__Problem description__.
Copy all lines below exactly as written. Leave pictures out.
Material shown Block Start
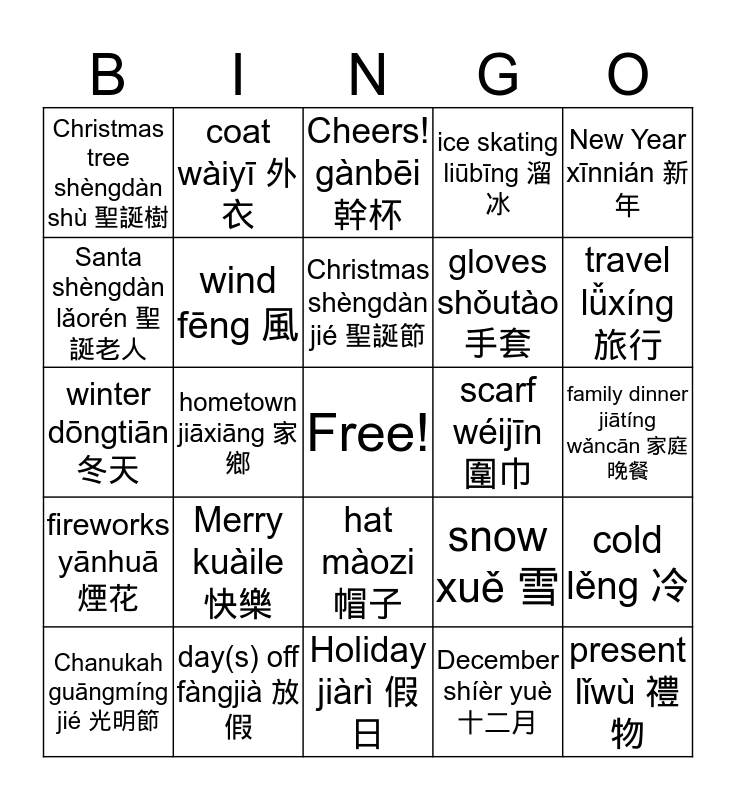 This bingo card has a free space and 25 words: Merry kuàile 快樂, Holiday jiàrì 假日, Christmas shèngdàn jié 聖誕節, Chanukah guāngmíng jié 光明節, New Year xīnnián 新年, Christmas tree shèngdàn shù 聖誕樹, Santa shèngdàn lǎorén 聖誕老人, coat wàiyī 外衣, scarf wéijīn 圍巾, hat màozi 帽子, gloves shǒutào 手套, winter dōngtiān 冬天, snow xuě 雪, cold lěng 冷, wind fēng 風, ice bīng 冰, family dinner jiātíng wǎncān 家庭晚餐, Cheers! gànbēi 幹杯, travel lǚxíng 旅行, hometown jiāxiāng 家鄉, present lǐwù 禮物, day(s) off fàngjià 放假, fireworks yānhuā 煙花, ice skating liūbīng 溜冰 and December shíèr yuè 十二月.
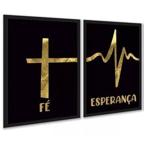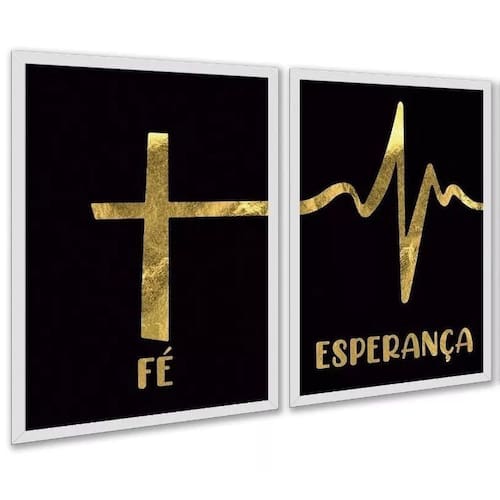 Kit 2 quadros fé esperança - preto com dourado 33x24cm Cor: moldura branca Informações do produto tire todas as suas dúvidas no descritivo abaixo: decoração para quarto, sala, cozinha, escritório, área gourmet e muito mais. Chega de paredes vazias medidas - cada peça tem 33x24cm a4 . Material do papel - papel fotográfico brilhante de altíssima resolução acabamento - todos os quadros são acompanhados de uma película de acetato para proteção da imagem. - os quadros são embalados de forma segura com plástico bolha com camada dupla de acordo com o tamanho dos quadros. - de 3 meses. Meu quadro chegou. Como posso fixá-lo Você precisa apenas de um martelo e um prego, pois os quadros já vão acompanhados de penduradores. Esta é a forma mais indicada. Caso prefira, você pode utilizar uma fita dupla face neste caso, sugerimos de alta qualidade para evitar que descole e seu quadro caia . Como posso limpar meu quadro A limpeza é feita como um móvel comum da sua casa. Apenas um pano seco ou espanador são suficientes para tal
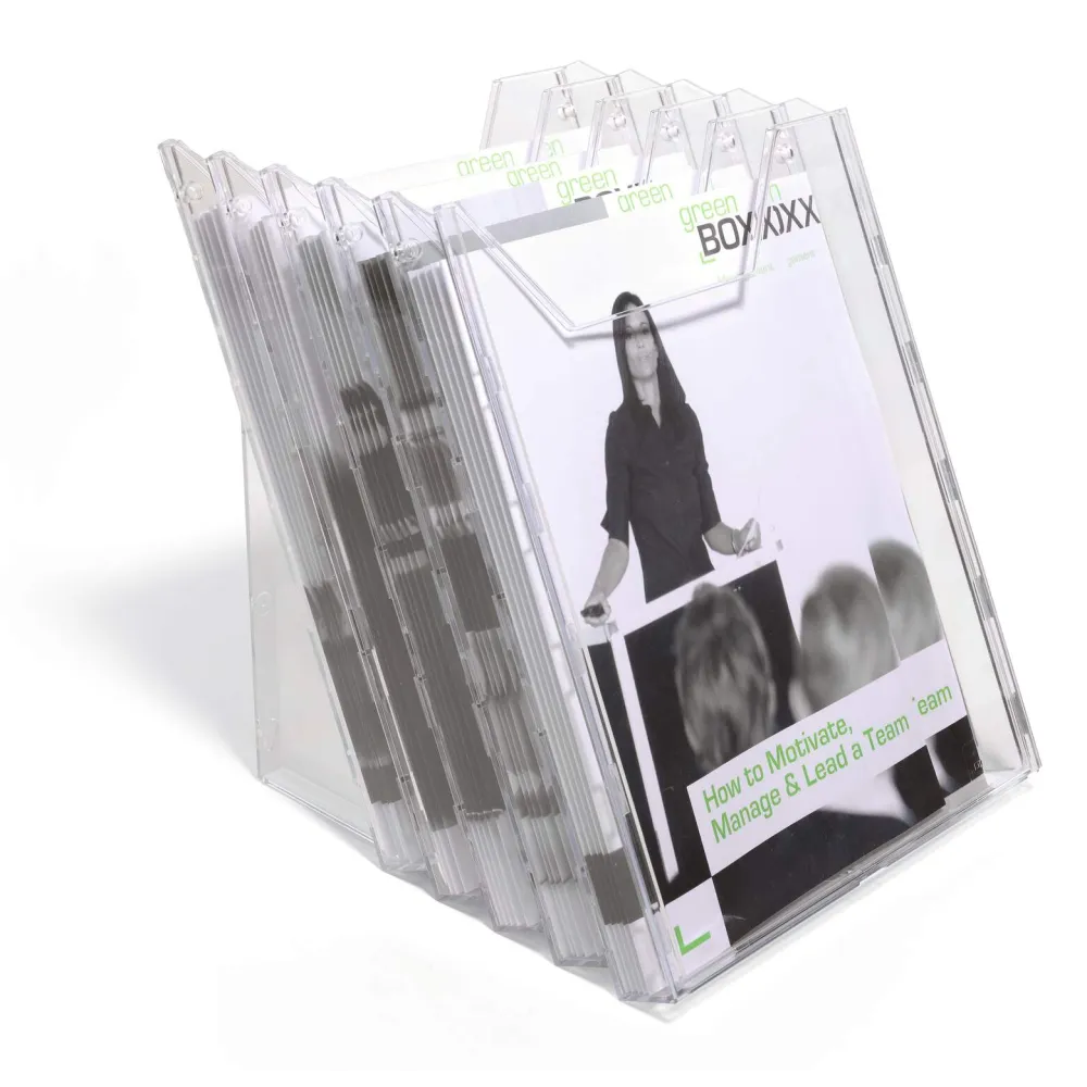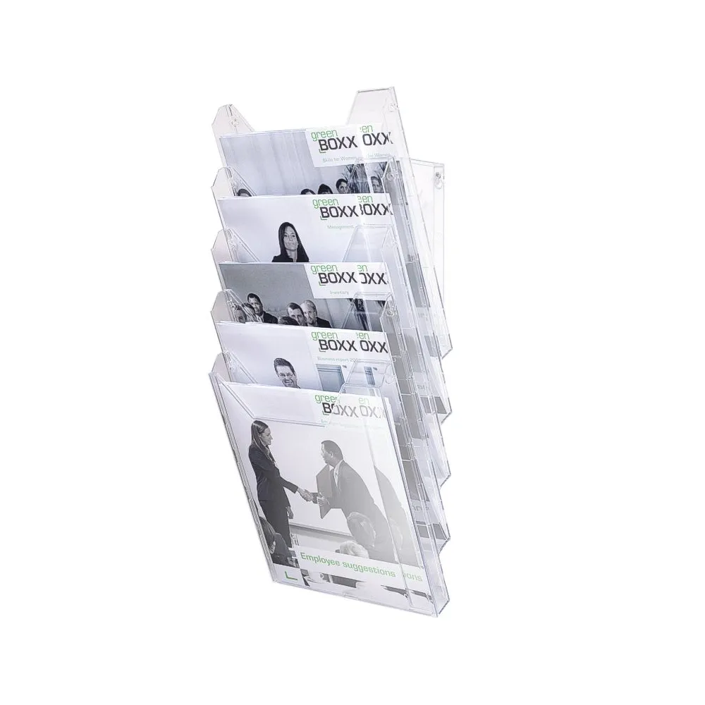 Påbyggbar transparent brosjyreholder 5xA4, Stående format.
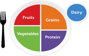 Plan your meals and be mindful of what you put on your plate. USDA guidelines recommend that ½ of your plate be filled with fruit or vegetable, ¼ lean protein and ¼ high fiber grains.
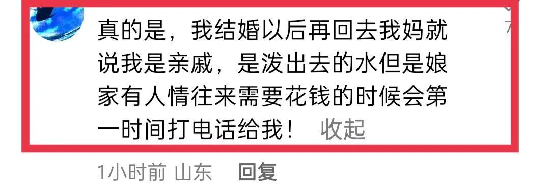 网友分享五看了这两个网友的分享,心里也是拔凉拔凉的!“嫁出去的女儿泼出去的水”
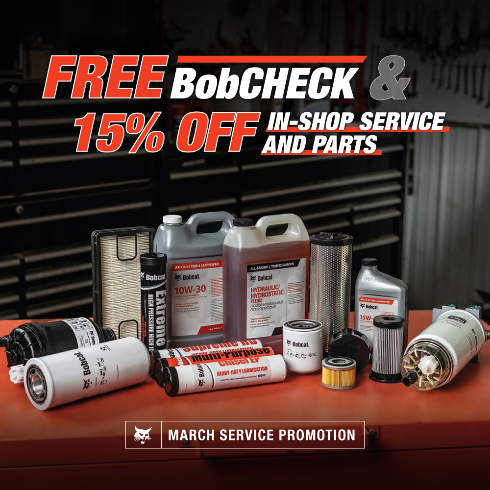 Get your equipment ready for the busy season with our March Service Special, available at Bobcat of Tri-Cities, Bobcat of Grey Bruce, and Bobcat of Fergus. From March 1st to March 31st, save 15% on all genuine Bobcat parts when you bring your equipment into the shop for service, and receive a FREE BobCheck, our comprehensive multi-point inspection designed to help prevent costly downtime as spring work ramps up.
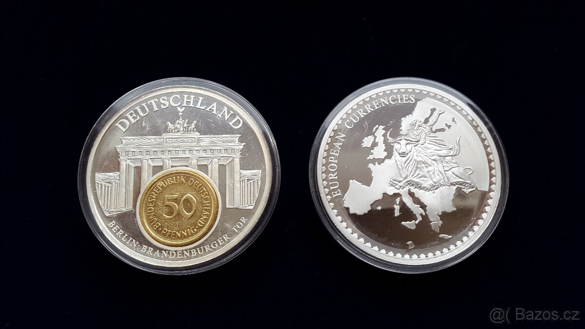 Prodám velkou postříbřenou medaili Deutschland o průměru 5cm s charakteristickou stavbou Brandenburgské brány. V medaili je vložená pozlacená replika dříve platné mince o průměru 2cm.
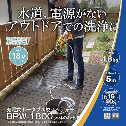 水道、電源が無い場所でも洗浄できます。
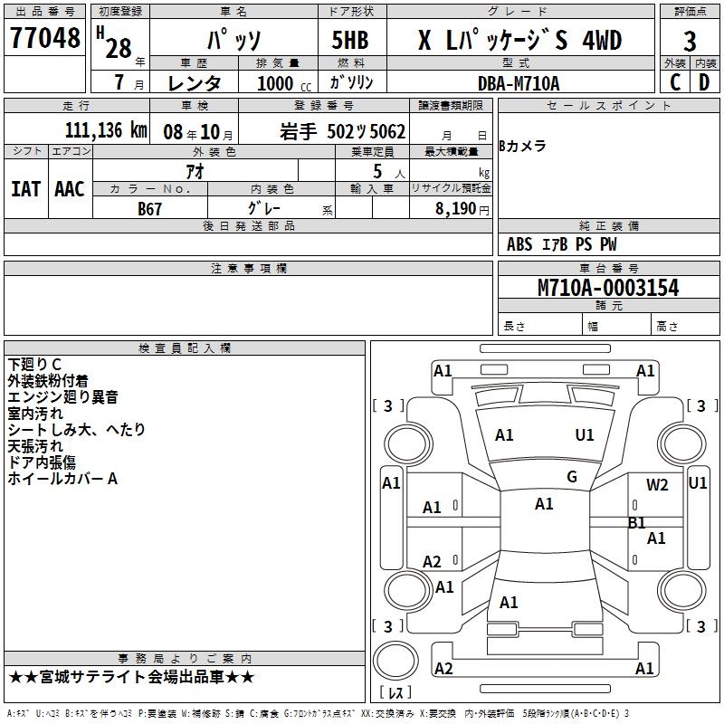 TOYOTA PASSO X L PACKAGE S 4WD - лот 77048
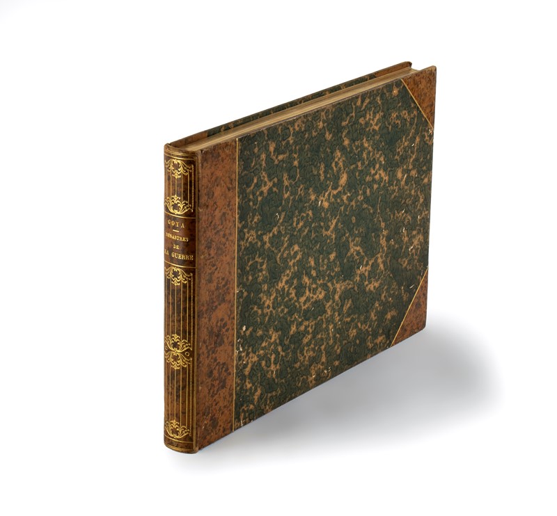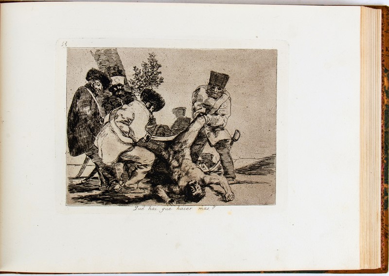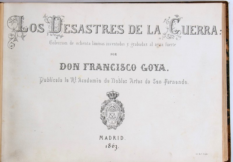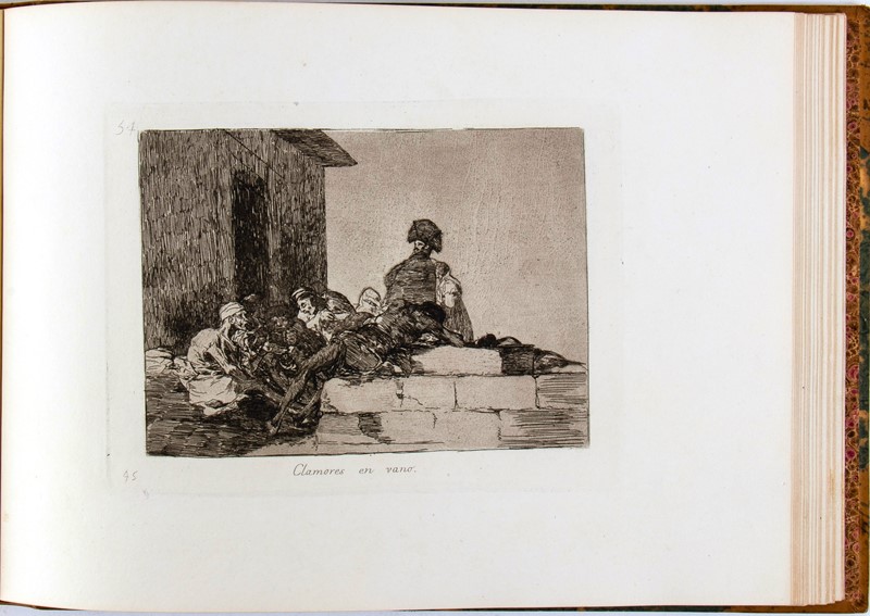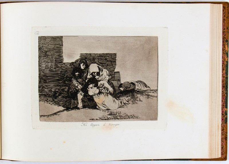 In-folio oblungo. 239×325 mm. Legatura in mezza pelle, Piatti marmorizzati con filetti in oro, angoli, dorso con titolo e fregi in oro, dorso con titolo e donazioni in oro, sguardie marmorizzate. Frontespizio con Emblema del Re sormontato da Corona, impresso in xilografia, 1 foglio di testo con la biografia di Goya, 80 tavole numerate all'acquaforte, acquatinta, puntasecca e lavis, stampate con inchiostro seppia su carta forte. 37 fogli recano la filigrana “J.G.O.” o Palmetta, o entrambe. Lieve foxing nella carta con la biografia, in complesso bell’esemplare.
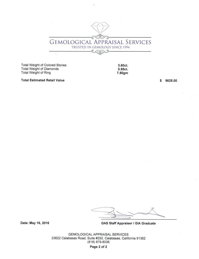 One electronically tested 14KT white gold lady's cast spiral design ring with a bright polish finish. The featured lady's ring has a shank measuring 1.98 millimeters wide. Identified with markings of "K14". Condition is new, good workmanship. Containing: One prong set oval modified brilliant cut natural tanzanite, measuring 10.35 x 8.40 x 5.83mm, approximate weight of 3.60 ct., clarity is eye clean, medium dark, very slightly grayish, violetish blue color, (GIA vB 6/3), cut is very good. Transmitting light with no distortion, transparent. Colored gemstones are presumed to have been subjected to commonly used enhancement processes. Graded in the setting. Fourteen prong set round brilliant cut diamonds, measuring 1.90 - 1.80 x 1.13mm (depth est.) approximate total weight of 14 Stones = 0.33ct. Graded in the setting. Clarity: SI-1 to SI-2. Color: H - I. Cut Good Fourteen prong set round brilliant cut diamonds, measuring 1.70 - 1.60 x 0.99mm (depth est.) approximate total weight of 14 Stones = 0.22ct. Graded in the setting. Clarity: SI-1 to SI-2. Color: H - I. Cut Good Forty prong set round brilliant cut diamonds, measuring 1.40 - 1.35 x 0.86mm (depth est.) approximate total weight of 40 Stones = 0.40 ct. Graded in the setting. Clarity: SI-1 to SI-2. Color: H - I. Cut Good. Total Weight of Colored Stones 3.60 ct. Total Weight of Diamonds 0.95ct. Total Weight of Ring 7.80gm. GAS Appraised.
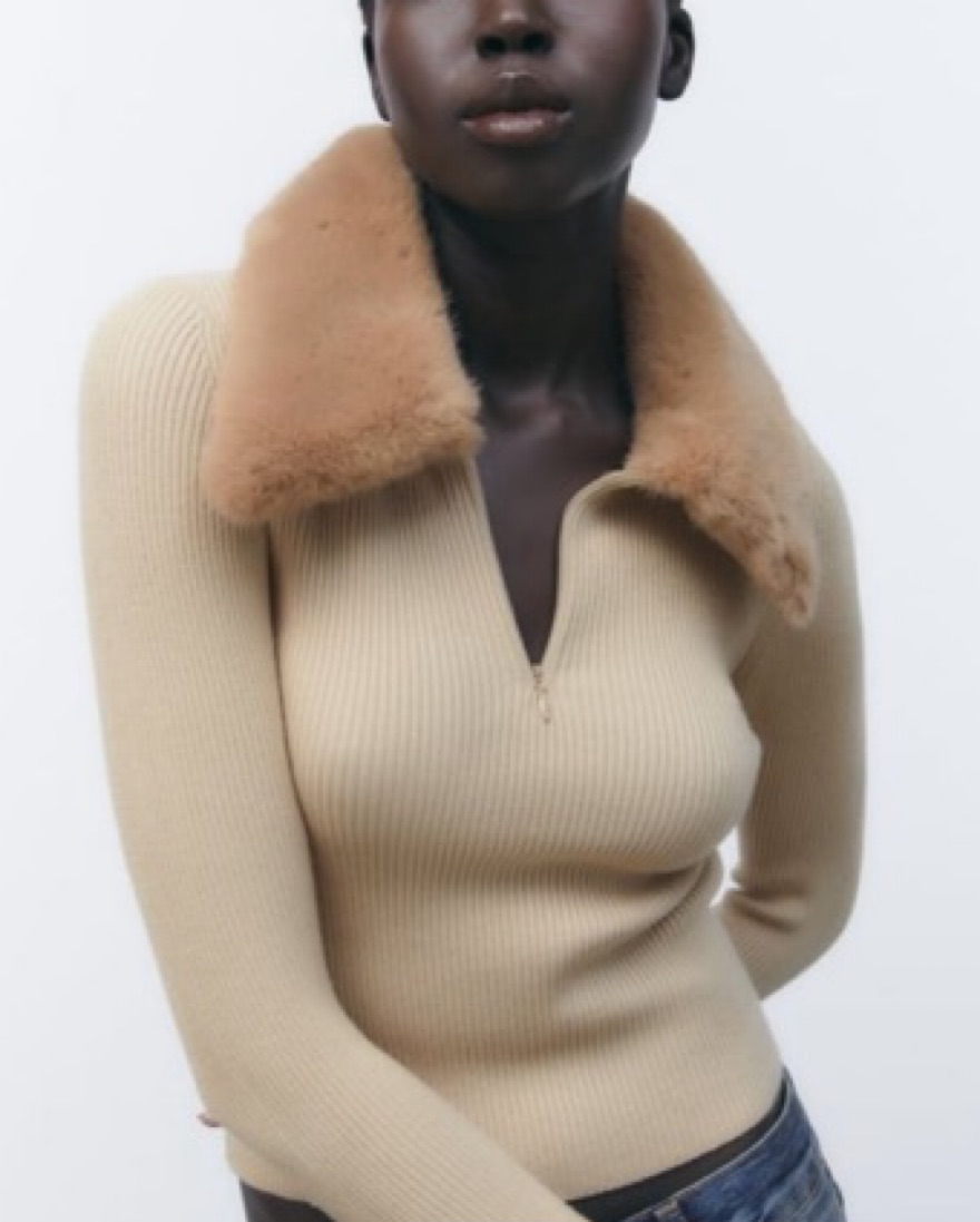 Zara fur sweater / fur collar sweater. Tags: perfect moment, moncler, sweaty betty, canada goose, bogner, mackage, ski trip, snowboard, ski onesie, apres ski, goldbergh, cordova
Material shown Block End
__Result__.
 This bingo card has a free space and 25 words: Merry kuàile 快樂, Holiday jiàrì 假日, Christmas shèngdàn jié 聖誕節, Chanukah guāngmíng jié 光明節, New Year xīnnián 新年, Christmas tree shèngdàn shù 聖誕樹, Santa shèngdàn lǎorén 聖誕老人, coat wàiyī 外衣, scarf wéijīn 圍巾, hat màozi 帽子, gloves shǒutào 手套, winter dōngtiān 冬天, snow xuě 雪, cold lěng 冷, wind fēng 風, ice bīng 冰, family dinner jiātíng wǎncān 家庭晚餐, Cheers! gànbēi 幹杯, travel lǚxíng 旅行, hometown jiāxiāng 家鄉, present lǐwù 禮物, day(s) off fàngjià 放假, fireworks yānhuā 煙花, ice skating liūbīng 溜冰 and December shíèr yuè 十二月.
 Kit 2 quadros fé esperança - preto com dourado 33x24cm Cor: moldura branca Informações do produto tire todas as suas dúvidas no descritivo abaixo: decoração para quarto, sala, cozinha, escritório, área gourmet e muito mais. Chega de paredes vazias medidas - cada peça tem 33x24cm a4 . Material do papel - papel fotográfico brilhante de altíssima resolução acabamento - todos os quadros são acompanhados de uma película de acetato para proteção da imagem. - os quadros são embalados de forma segura com plástico bolha com camada dupla de acordo com o tamanho dos quadros. - de 3 meses. Meu quadro chegou. Como posso fixá-lo Você precisa apenas de um martelo e um prego, pois os quadros já vão acompanhados de penduradores. Esta é a forma mais indicada. Caso prefira, você pode utilizar uma fita dupla face neste caso, sugerimos de alta qualidade para evitar que descole e seu quadro caia . Como posso limpar meu quadro A limpeza é feita como um móvel comum da sua casa. Apenas um pano seco ou espanador são suficientes para tal
 Påbyggbar transparent brosjyreholder 5xA4, Stående format.
 Plan your meals and be mindful of what you put on your plate. USDA guidelines recommend that ½ of your plate be filled with fruit or vegetable, ¼ lean protein and ¼ high fiber grains.
 网友分享五看了这两个网友的分享,心里也是拔凉拔凉的!“嫁出去的女儿泼出去的水”
 Get your equipment ready for the busy season with our March Service Special, available at Bobcat of Tri-Cities, Bobcat of Grey Bruce, and Bobcat of Fergus. From March 1st to March 31st, save 15% on all genuine Bobcat parts when you bring your equipment into the shop for service, and receive a FREE BobCheck, our comprehensive multi-point inspection designed to help prevent costly downtime as spring work ramps up.
 Prodám velkou postříbřenou medaili Deutschland o průměru 5cm s charakteristickou stavbou Brandenburgské brány. V medaili je vložená pozlacená replika dříve platné mince o průměru 2cm.
 水道、電源が無い場所でも洗浄できます。
 TOYOTA PASSO X L PACKAGE S 4WD - лот 77048
 In-folio oblungo. 239×325 mm. Legatura in mezza pelle, Piatti marmorizzati con filetti in oro, angoli, dorso con titolo e fregi in oro, dorso con titolo e donazioni in oro, sguardie marmorizzate. Frontespizio con Emblema del Re sormontato da Corona, impresso in xilografia, 1 foglio di testo con la biografia di Goya, 80 tavole numerate all'acquaforte, acquatinta, puntasecca e lavis, stampate con inchiostro seppia su carta forte. 37 fogli recano la filigrana “J.G.O.” o Palmetta, o entrambe. Lieve foxing nella carta con la biografia, in complesso bell’esemplare.
 One electronically tested 14KT white gold lady's cast spiral design ring with a bright polish finish. The featured lady's ring has a shank measuring 1.98 millimeters wide. Identified with markings of "K14". Condition is new, good workmanship. Containing: One prong set oval modified brilliant cut natural tanzanite, measuring 10.35 x 8.40 x 5.83mm, approximate weight of 3.60 ct., clarity is eye clean, medium dark, very slightly grayish, violetish blue color, (GIA vB 6/3), cut is very good. Transmitting light with no distortion, transparent. Colored gemstones are presumed to have been subjected to commonly used enhancement processes. Graded in the setting. Fourteen prong set round brilliant cut diamonds, measuring 1.90 - 1.80 x 1.13mm (depth est.) approximate total weight of 14 Stones = 0.33ct. Graded in the setting. Clarity: SI-1 to SI-2. Color: H - I. Cut Good Fourteen prong set round brilliant cut diamonds, measuring 1.70 - 1.60 x 0.99mm (depth est.) approximate total weight of 14 Stones = 0.22ct. Graded in the setting. Clarity: SI-1 to SI-2. Color: H - I. Cut Good Forty prong set round brilliant cut diamonds, measuring 1.40 - 1.35 x 0.86mm (depth est.) approximate total weight of 40 Stones = 0.40 ct. Graded in the setting. Clarity: SI-1 to SI-2. Color: H - I. Cut Good. Total Weight of Colored Stones 3.60 ct. Total Weight of Diamonds 0.95ct. Total Weight of Ring 7.80gm. GAS Appraised.
 Zara fur sweater / fur collar sweater. Tags: perfect moment, moncler, sweaty betty, canada goose, bogner, mackage, ski trip, snowboard, ski onesie, apres ski, goldbergh, cordova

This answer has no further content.